Читаем Самарская вольница полностью

— Ты беги… к Усе, беги… Там надежнее, чем… тут, — Назарка попытался сделать глубокий вдох, чтобы как-то ввести сбившееся дыхание в ритм, но поперхнулся воздухом. Испугавшись, поспешно сам себя накрыл влажной шапкой, кашлянул раз, другой, медленно успокаивая нечаянный приступ.

— Не выдумывай, Назарка, вместе побежим, — успокоил товарища стрелецкий голова. Через минуту, сделав все же несколько глубоких вдохов, Назарка через силу улыбнулся, стараясь потише, проговорил:

— Говорила мне… женка: «Ешь поменьше… Куда как в поясе отяжелел». Ан не слушался умной бабы… Балагурил… конь, дескать, еще дюжит меня… так отчего не съесть лишку из чугуна альбо телячью ногу… Как беременной бабе не быть в кумах,[121] тако же… и стрельцу не с руки быть чревом тяжким до неразумности… Ха-ха! Ох, спинушка негнучая… — Назарка сделал попытку подняться на полуватных еще ногах. — Ползти, что ли? Хоть как-то, да двигаться…

Стрелецкий голова остановил его, так же потихоньку ответил на его сетования:

— Лежи, лежи.
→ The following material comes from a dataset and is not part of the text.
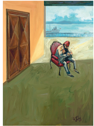
Figure 4: Özer Kabaş, Exile , 1968. Oil on canvas, 120 x 90.2 cm. Grey Art Gallery, NYU Art Collection. Gift of Abby Weed Grey, G1975.301.
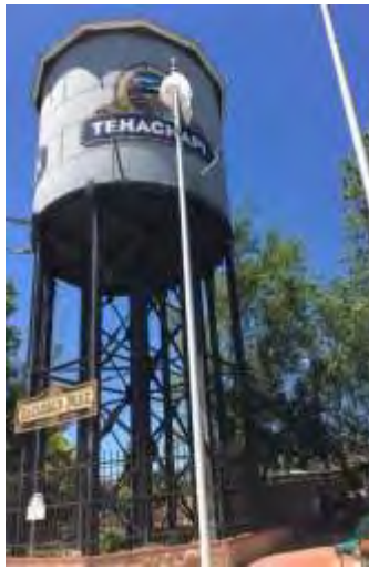
Tehachapi Valley Healthcare District (Tehachapi)

И мне роздых нужен!

Минут пять лежали под кустами, вытянув ноги и успокаивая дыхание, наблюдая, как высоко-высоко парил с распластанными крыльями страж степи — серый стервятник.

— Вот теперь пошли! — Тимофей Давыдов тронул Назарку за плечо. Поднялись, стараясь не шуметь и не трещать ветками, снова побежали вдоль суходола.

Наконец перед ними встал лес, густо заплетенный молодняком, дикой малиной, в рост человека травой, похожей на крапиву, и беглецы с облегчением нырнули в эту полутьму и в спасительную прохладу. Внизу, совсем рядом, текла Уса, проворная, говорливая, если на ее пути встречались прибрежные камни или завалившееся дерево. Тимофей Давыдов неожиданно остановился, и Назарка едва не ткнулся ему в спину.

— Гляди… казаки! Вона, правее нас! — приседая, прошептал Тимофей Давыдов и рукой придавил вниз пятидесятника, чтобы не мешкал и присел в заросли папоротника.

Ближе к тому месту, где кончалась переволока и где берег плавно спускался к воде, табунилось около десятка казаков. Там же носами на песке приткнулись несколько челнов. Перед казаками со снятой шапкой мялся мужик и что-то горячо доказывал, размахивая рукой то в сторону переволоки, то на свои челны.

Тимофей Давыдов понял: казаки допытываются, не бежал ли кто по Усе на челне, а мужик им толкует — вот, глядите, пять кольев вбито, и все пять челнов на цепях привязаны, стало быть, никто не сплыл вниз.

«Что они предпримут? — гадал про себя стрелецкий голова. — Уйдут? Или караул у челнов оставят? Но ведь не могут же они тут сидеть долго, отряд ждет на Волге, к Самаре плыть надо им».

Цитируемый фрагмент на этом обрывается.